Sunlight settles in deliberate squares across the floor. Iced lattes bead with condensation. Someone leans forward to adjust the angle of a croissant before taking a photograph. At one table, a group debates the recent cricket match with the seriousness of policy analysts. At another, a bride-to-be scrolls through wedding hashtags, testing how they look in lowercase.
Beneath the table, a phone vibrates. It is not a message. It is not a calendar reminder. It is a headline.
Another escalation. Another airstrike. Another number that feels too large to comprehend and too small to change anything.
Behind each refreshed notification is a family recalculating what safety means, a child learning the sound of sirens, a kitchen table that will not look the same tomorrow. The distance between that table and this one is geographic, not emotional, even if it sometimes feels easier to pretend otherwise.
The screen glows between a skincare reel and an advertisement for linen trousers. A video auto-plays. Smoke rises against a skyline that most people at the table have never seen in person. The footage lasts seconds. The algorithm moves on.
Someone locks the phone.
“Should we get the tiramisu?”
There is a pause. Then a nod. This is not indifference. It is something more complicated.
Psychologists call it compassion fatigue, the dulling that occurs when exposure to suffering exceeds our capacity to process it. The brain, built for local danger, struggles with global simultaneity. It cannot hold a collapsing building and a cappuccino order with equal weight for very long. When there is nothing immediate to fix, nothing tangible to repair, it does what it must to survive. It compartmentalises.
Modern life demands this skill.
The same device that delivers footage of airstrikes also carries restaurant reservations, cricket highlights, birthday reminders, and discount codes. Tragedy arrives formatted like everything else, scaled for a screen that does not distinguish between devastation and entertainment. It is absorbed in fragments. It is swiped past. It is returned to later.
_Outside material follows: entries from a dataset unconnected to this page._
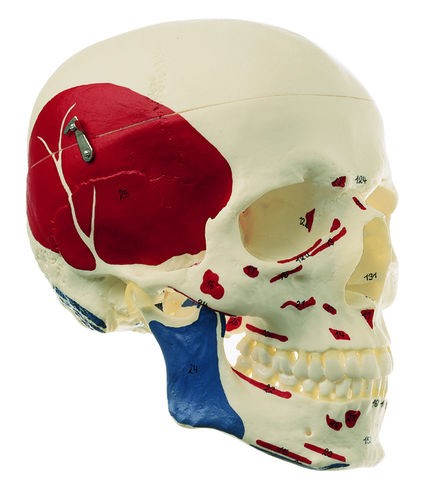 Popis odlitek ze skutečného vzorku, vyrobeno ze speciálního materiálu SOMSO-Plast®, vlastnosti jako AM150-0285, ale navíc se znázorněnými počátky a úpony nejdůležitějších svalů lebky
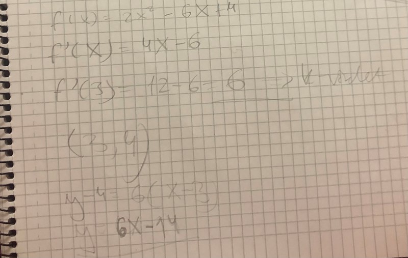 Lisa14500 skrev:Bestäm ekvationen för tangenten till f(x) = 2x^2 - 6x+ 4 i punkten x = 3 och skissa grafen och tangenten.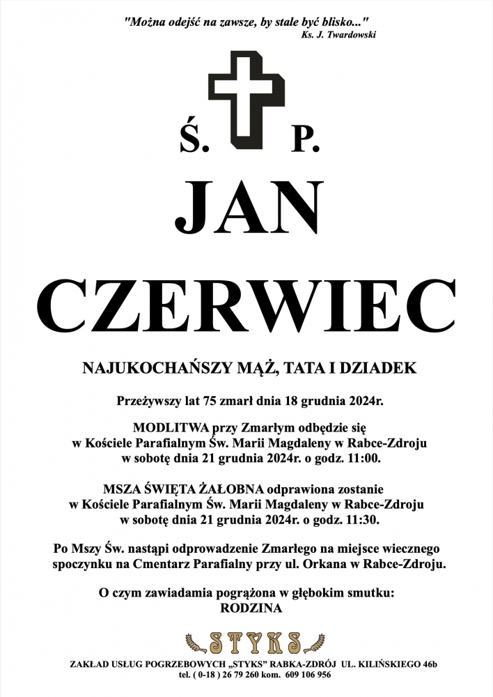 Jan Czerwiec - Nekrologi - podhale24.pl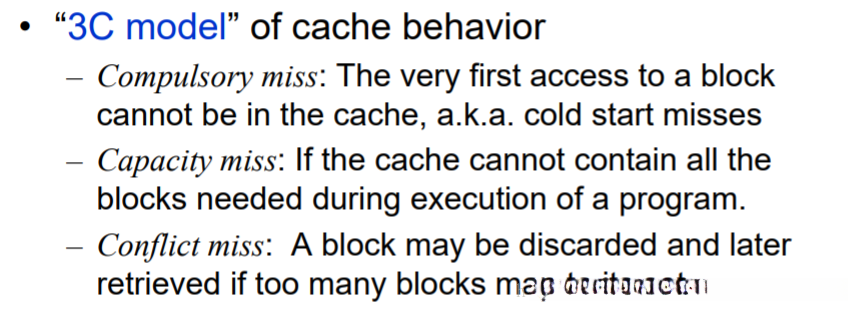 conflict miss:当多个blocks被映射到同一个group中时,该集合内的lines不足(与容量miss存在显著差异)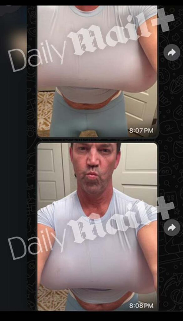 Photographs cited in the report allegedly show Noem posing in women’s clothing, including tight outfits designed to simulate exaggerated body features. In one image, he is described as wearing a crop top and shorts while using improvised materials to mimic breasts.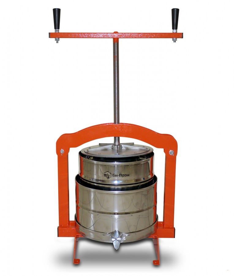 Пресс состоит из корзины для забруса, защитного цилиндра от разбрызгивания сока, приводного винта, поддона со сливным патрубком, опорной рамы приводного винта, основание (опора пресса)

In Colombo, that fragmentation carries a particular weight because crisis is not theoretical here. This is a country that remembers the sound of sirens and the silence that follows explosions. A country that watched Easter Sunday fracture an ordinary morning. A country that stood in fuel queues that stretched across neighbourhoods, while cameras from around the world zoomed in. Sri Lankans know what it means to be reduced to footage, to have grief edited into a segment and broadcast elsewhere.
Perhaps that history is why the guilt feels sharper.
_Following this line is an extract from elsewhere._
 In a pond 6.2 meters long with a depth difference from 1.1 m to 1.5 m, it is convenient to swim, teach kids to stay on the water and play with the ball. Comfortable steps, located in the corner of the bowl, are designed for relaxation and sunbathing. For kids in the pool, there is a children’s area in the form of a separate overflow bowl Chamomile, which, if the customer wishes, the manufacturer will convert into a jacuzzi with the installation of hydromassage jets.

A young professional describes scrolling late at night as “too much and never enough.” Too much information arriving without warning. Never enough agency to alter its outcome. Another hesitates before posting a beach photograph because the light feels almost obscene against images of smoke rising elsewhere. “Am I supposed to stop living?” she asks, and the question lingers longer than the photograph itself.
This is the moral arithmetic of the modern middle class. The negotiation between awareness and endurance. The quiet calculation of how much suffering one can carry without becoming paralysed by it.
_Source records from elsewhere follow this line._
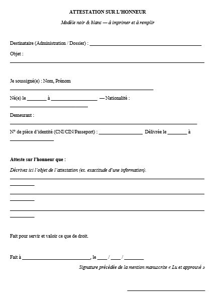 L’attestation sur l’honneur est une déclaration écrite et signée par laquelle une personne affirme la véracité d’un fait (hébergement, résidence, situation familiale, absence de condamnation, etc.). C’est un document simple, souvent exigé “sur papier libre”, mais engageant : une fausse déclaration peut être sanctionnée.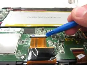 Вставьте пластиковый инструмент для вскрытия между чёрным зажимом и белым модулем на большой оранжевой ленточной клемме дисплея в середине печатной платы.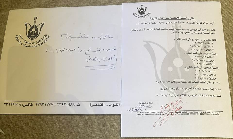 وفي السياق نفسه، كلّف نقيب الموسيقيين الشؤون القانونية بالتواصل مع الفنان أركان فؤاد لتمثيل الفنانة نادية مصطفى في جلسة القرعة، نظرًا لوجودها خارج البلاد.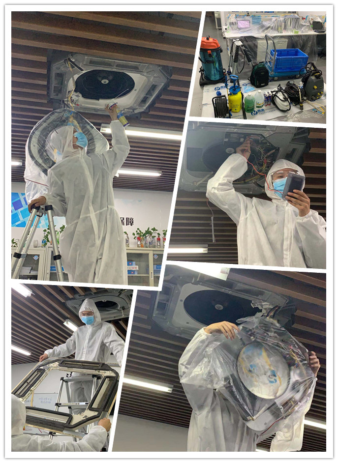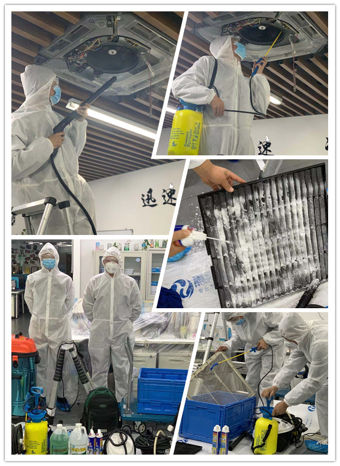 新型冠狀病毒的主要傳播途徑是通過(guò)呼吸道飛沫傳播,當(dāng)帶病毒的飛沫附著在通風(fēng)系統(tǒng)內(nèi)的顆粒物中傳播開來(lái),污染室內(nèi)空氣,就會(huì)大大提高室內(nèi)人員感染病毒的風(fēng)險(xiǎn),導(dǎo)致肺炎疫情加劇。因此對(duì)中央空調(diào)進(jìn)行有效的清洗、消毒迫在眉睫。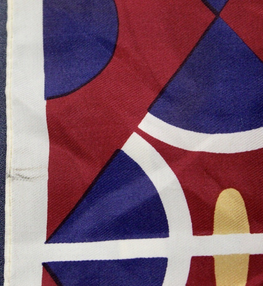 Vintage 1970s-80s Christian Dior Scarf in Wine, blue and gold, Authentic, measures 27" w x 8", made in Italy of Acetate. It has 2 small stains as shown.

Outside the café, the sea looks theatrically calm. Inside, the room is curated for comfort. Linen dresses. Minimalist interiors. A soundtrack soft enough not to intrude. The aesthetic of ease exists alongside a world that is not at ease.
Sociologists often argue that ritual sustains societies during instability. In Sri Lanka, cricket has long served that function. So have weddings. So have Sunday lunches and evening walks at Independence Square, where children race bicycles in widening circles. These are not trivial distractions. They are continuity.
Yet the question lingers, not accusatory but insistent. Is joy an act of resilience, or does it risk becoming retreat?
When the bill arrives, it is split evenly. Phones light up again, briefly, like small private alarms. This time, no one reaches immediately.
The headline will still be there tomorrow morning, refreshed with new numbers, new names, new rearrangements of ordinary lives. The dessert menu will still list tiramisu and flourless chocolate cake, unchanged and indifferent to the scale of loss unfolding elsewhere. The difference between those two realities is not cruelty. It is distance, and distance, however accidental, is its own kind of privilege.
The world does not reorganise itself around a café table in Colombo. Nor does that table exist outside the world. Somewhere between the sweetness of dessert and the cold glow of a notification, a generation is learning how to live with this awareness, how to let grief register without allowing it to consume every ordinary hour. It is not an elegant balance. It does not resolve the discomfort. But it may be the only way to remain human in an age where suffering and sunlight arrive on the same screen.